Household Archeology

Anne Babson

“Now Rachel had taken the household gods and put them inside her camel’s saddle and was sitting on them…” -- Genesis 31:34 (New International Version)

“It's always fun to repurpose things you keep around the house and use them in unique yet functional new ways…” – Marthastewart.com


With make-up brushes, I excavated

It from the basement below the basement.

I dug around it with an old nail file.


No, it can’t be.  It can’t be.  It can’t be.


How it revealed itself delicately—

An implied outline at first, land so far

Off on the horizon that it might just be


But it’s not.  I just won’t let it be.  No.


A distant storm, then a certain contour,

Then colored, still redolent with the wreathed

Lotus flowers with which I entombed it.


How can this thing have ever been my god?


My blood remembers the kneeling I blocked

Out of consciousness, the smearing of feet

With honey, the jar emptying the gold.


What did I think this would ever bring me?


My skin found the idol warm to the touch,

Not like now. I polished it with my best

Olive oil, burned green bills in a brass bowl.

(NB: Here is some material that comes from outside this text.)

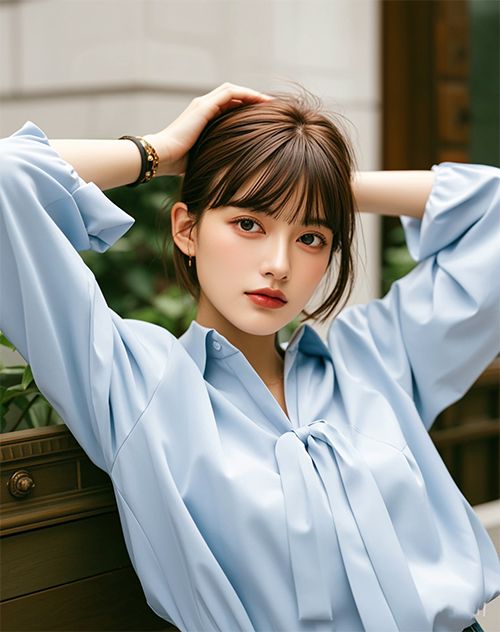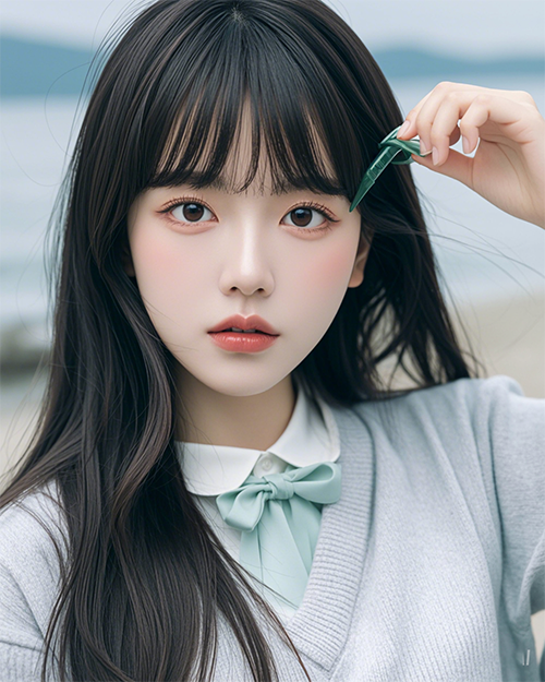 八字空气刘海的秘诀就在于刘海的长度!刚好落在眼睛上方一点点的位置,瞬间嫩三岁!减龄效果满分~

I chanted.  I chanted. What did I chant?


What was it? Nam yo ho renge kyo? No.

Was it Ave? Mea culpa? Neither.

Call me, call me, call me, call me, call me?


The graven image remains deaf and mute,


Still radioactive to someone else,

Mum under the curse against which I

Now wear an amulet.  What will I do?


It is fossilized against wood chippers.


It has not composted yet.  If only

I were craftier.  With a glue gun and 

Imagination, I might make this an


Uncrackable piñata effigy.


With shoulder pads a stuffed bra, it might

Serve now as a grim dressmaker dummy.

A frat could make it an ancient Greek prank.


I think I had an orgy with this thing.


If I owned a disco, I could cover

It in fluorescent paint, and then the black

Light that emanates from it would make sense


To everyone else who looked at it.


For now, I will cover it with an old quilt.

I never come down here unless pipes whine.

Until I need ornaments for a tree,


I’ll lock the door at the top of the stairs.